Hash tables of course!
Hash tables can be used as a very fast method of joining two tables. The smaller table is read into memory. The location in RAM for any given row from the small table can be identified by running the key (in this case id
) through a very fast hashing algorithm. This circumvents the need for an index provided that you have enough memory to hold that keys from the smaller table in memory. With only 12m rows you should be fine.
Once the keys from the smaller table are read into memory, it simply iterates over the larger table, runs the hashing algorithm against each id in the large table to see if it finds a hit against the values from the small table registered in RAM, and if it does, outputs the row.
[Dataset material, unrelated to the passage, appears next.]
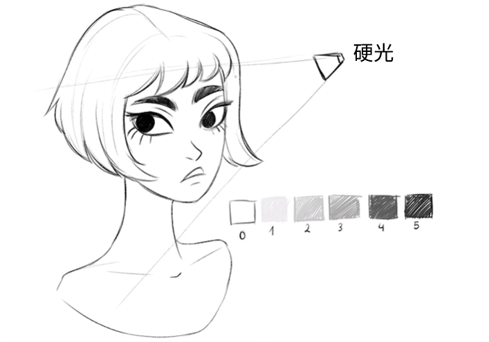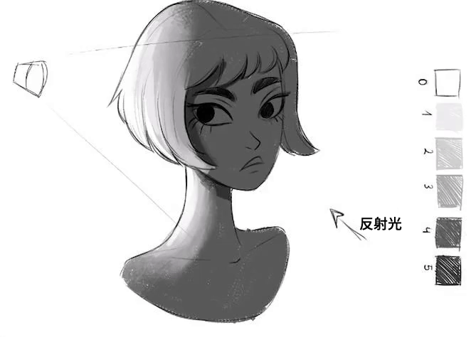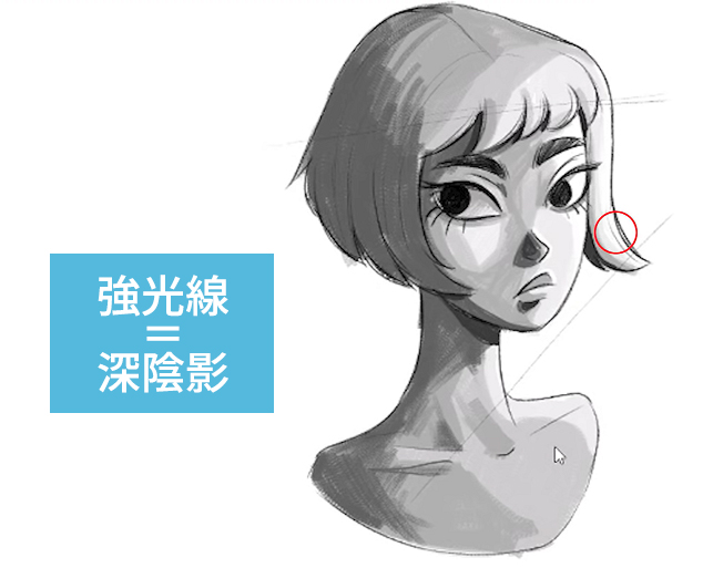 如下圖所示,相較於受光面,陰影與光源的距離更遠。另外,為了加強插圖的深度,我們需要為較凸出的部分添加陰影效果,例如頭髮、下巴、鼻子或下唇。

The only overhead is loading the small table into memory (very fast), and the hashing of each key in the big table (very fast). The memory lookup time may as well be considered instant.
It's incredibly efficient because it's only reading each table once from disk. Using an index effectively results in reading the smaller table many times (or at least the index of the smaller table).
data filtered_bigtable;
set bigtable;
if _n_ eq 1 then do;
declare hash ht(dataset:'idlist') ;
ht.definekey('id');
ht.definedone();
end;
if ht.find() eq 0 then do;
output;
end;
run;
Hashtables can be used for all kinds of programmatic goodness in SAS so be sure to read up on them. They offer a lot more than just joins.
Also - be sure to keep just the columns you require from the larger table as this can reduce the amount of time spent reading in the rows from the larger table.